DANCER Tony Irving has carved out a successful career as a television celebrity in Sweden — helped by a dollop of straight-talking Northern wit and humour.
The 48-year-old is celebrating 10 years as a judge on Let's Dance, the country’s version of Strictly Come Dancing, while looking forward to launching his own one-man show.
His career path is a far cry from the time he spent studying for a BTEC in hotel catering at Bolton Technical College, Manchester Road, when his ambition was to work in the hospitality industry.
But the talented professional ballroom dancer, teacher and choreographer says it is all thanks to being in the right place at the right time, as well as his Northern roots and gift of the gab.
Tony, who lived in Ainsworth and was known by his middle name of Spencer as a youngster, said: “People hated me. At the beginning, they said that I was the Swedish answer to Simon Cowell.

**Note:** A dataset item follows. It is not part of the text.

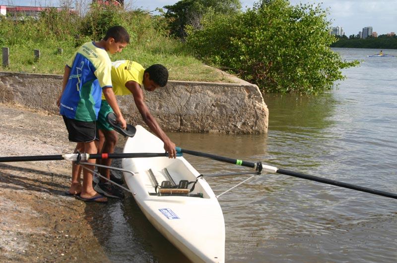 Educação, esporte, cidadania e preservação do meio ambiente. Essas são algumas das virtudes trabalhadas no projeto ´Remo Brasil´, desenvolvido pela Associação de Remo do Rio Poxim com crianças da Escola Municipal de Ensino Fundamental (Emef) Presidente Juscelino Kubitschek, situado no Bairro Coroa do Meio. O projeto conta ao todo com 25 jovens e já começa a colher os primeiros resultados. Neste final de semana cinco alunos estarão competindo na cidade do Recife, em Pernambuco. Eles vão representar o Estado no 1º Festival de Remo Clube Náutico Capibaribe, que acontece no próximo domingo, dia 16, e envolve clubes de Pernambuco, Rio Grande do Norte, Paraíba e Sergipe. Há cerca de um ano esses cinco jovens que vão competir começaram a se destacar nos treinamentos do projeto, que acontecem sempre no rio Sergipe, nas proximidades do Shopping Riomar. Os garotos Heliomar Barros Melo Souza, 14; Leandro de Lima Rocha, 14, John Lennon Cavalcante de Jesus, 14; Leonardo Santos da Silva, 14, e Mayke Alves dos Santos, 15, todos da 8ª série da Emef Presidente Juscelino Kubitschek, estarão participando da primeira competição de remo em suas vidas. Depois de quase um ano de treinamento os adolescentes vivem a expectativa de se destacarem em outro Estado. Vão competir nas modalidades ´skiff´ - em barcos profissionais - e ´canoe´ - para iniciantes, em distancias que variam de 500 a 1000 metros. Sabemos da importância do remo em nossas vidas e com certeza estamos indo para Recife, para com orgulho poder representar bem a nossa escola, o nosso clube e o nosso Estado. Por isso, todos os competidores do país devem nos aguardar, pois não daremos folga para eles. Vamos dar o melhor nessa competição, afirmou empolgado Mayke Alves dos Santos. O pequeno atleta, que mora com o pai, a mãe e mais sete irmãos em uma casa simples no bairro Coroa do Meio, nas horas vagas ajuda o irmão, que trabalha como padeiro. Tenho que trabalhar para não pedir nada para minha mãe, e o que resta eu entrego pra ela para completar a renda da família disse. Depois de passarem por alguns esportes como futebol, basquete e handball, os meninos ficaram conhecendo o projeto através do presidente da Associação de Remo, Dennis Pires Fernandes, que fez uma visita à escola e apresentou aos alunos um pouco do que seria o esporte. Depois que descobri a importância do esporte na minha vida, já que ele acaba me dando disciplina, melhorei até minhas notas no colégio, afirma o aluno Leonardo Santos Silva, que assim como Mayke, tem de ajudar no sustento da casa fazendo as vezes de auxiliar de fotógrafo, trabalhando junto com o padrinho. No início o esporte parecia ser um pouco difícil, mas depois fui pegando o jeito, aprendendo a técnica e hoje tudo ficou mais fácil. Agora é só treinar para cada vez mais ir aperfeiçoando e no futuro me tornar um profissional desseo esporte, falou entusiasmado John Lennon Cavalcante, que pela primeira vez vai fazer uma viagem para fora do Estado, e juntamente com seus colegas treina cerca de duas horas por dia. Projeto O projeto ´Remo Brasil´ é desenvolvido pela Associação e Remo do Rio Poxim com alunos da Emef Juscelino Kubitschek. O objetivo do projeto é despertar o jovem para a prática do remo, aliada à preservação do meio ambiente e aos estudos. Para que os meninos façam parte do projeto, e que depois eles dêem continuidade ao trabalho, é importante que tenham boas notas na escola, afirmou o professor e presidente da Associação, Dennis Pires Fernandes. Além do ensino do remo, no projeto existe a valorização do ser humano através da responsabilidade social, o desenvolvimento de habilidades voltadas para o espírito de coletividade, do trabalho em equipe e da liderança. Além disso, o projeto é desenvolvido às margens do rio Sergipe, o que acaba ajudando a preservar o rio, que está bastante degradado. O remo beneficia a criança, dá noções de disciplina, de ajuda ao próximo e também de cidadania. Algumas vezes desenvolvemos o projeto ´Caça ao Tesouro´. Na primeira edição os atletas tinham que recolher das águas garrafas peti e copos plásticos. Foi então que tivemos uma surpresa, pois foram encontradas televisões, espuma de colchão e sofás, entre outras coisas. Isso acabou fazendo com que os alunos ajudassem a limpar o rio, ação que se tornou natural para eles, pois quando estão treinando acabam recolhendo objetos que são nocivos à natureza, afirmou Dennis Fernandes. O presidente da Associação diz já ter dado o ponta-pé inicial para o projeto, que conta com a colaboração da Escola Municipal J.K., que tem 25 alunos envolvidos com a prática esportiva do remo. Esperamos mais ajuda do poder público e da iniciativa privada para que mais crianças possam ter a oportunidade de se desenvolverem como pessoa a partir da ajuda do esporte. Fazer esse tipo de acolhimento e de auxílio na adolescência, por volta dos 14 anos é importante, porque acabamos desviando esses meninos e meninas de caminhos ruins como as drogas, situação de rua ou outros bem piores, finalizou Denis Pires.

“I found that hilarious. I wish I had his money.
“In England, straight-talking and saying what you think and getting things off your chest — there’s no qualms about it.

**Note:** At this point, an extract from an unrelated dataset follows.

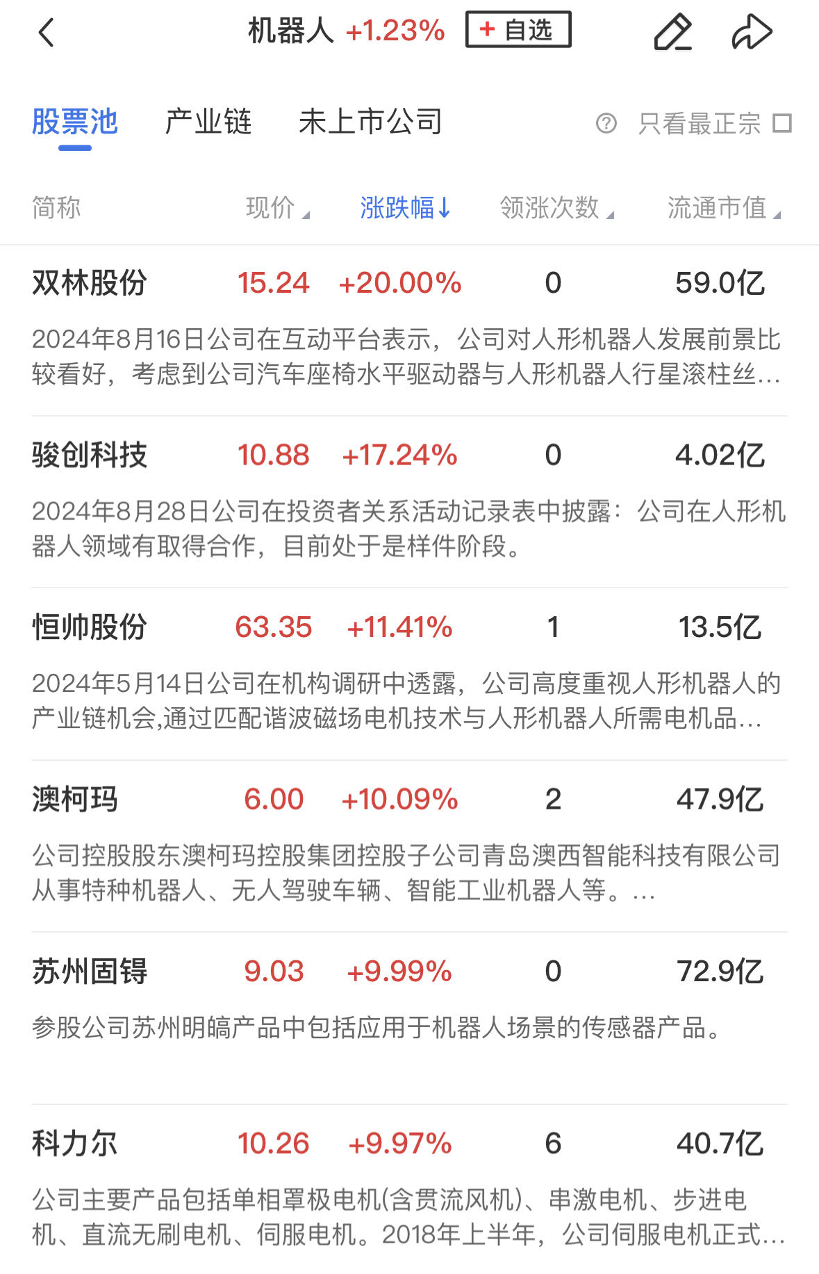 机器人概念股盘中异动,科力尔、双林股份、亿嘉和涨停,恒帅股份、双飞集团、斯菱股份、奥联电子(维权)等个股涨幅居前。

“Here, people don’t directly say what they think.
“At the beginning, it was very hard. People thought I was very nasty and aggressive.
“It made me a hate object, to some degree, it still does.

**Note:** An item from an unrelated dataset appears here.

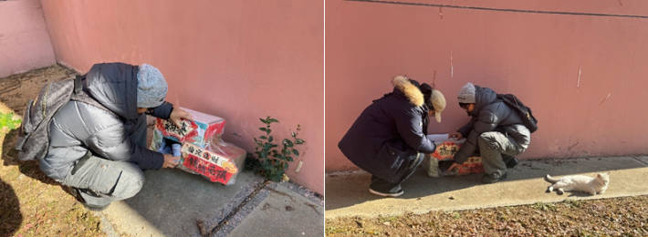 寒冬将至,气温骤降。为让校园里的流浪猫安稳过冬,近日,水利工程系组织开展“暖心守护,与喵同行”冬日救助校园流浪猫志愿活动。志愿者们通过定点投喂、搭建保暖猫窝等方式,为这些可爱的小生命撑起了一把温暖的“保护伞”。

“I’ve had quite a bit of hate mail which is part of the job. There are positives and negatives.”
Over the past decade, the top-rated show has featured a host of Swedish celebrities including crime writer Camilla Läckberg, former Liverpool FC footballer Glenn Hysén and ex-Olympic high jumper Patrik Sjöberg.
He said: “When I started, I was a young man who could dance.
“Now I’m just an old git.
“It’s interesting, it’s fun but it’s a job.
“It’s like any other job, you get yourself ready for the job, you come home.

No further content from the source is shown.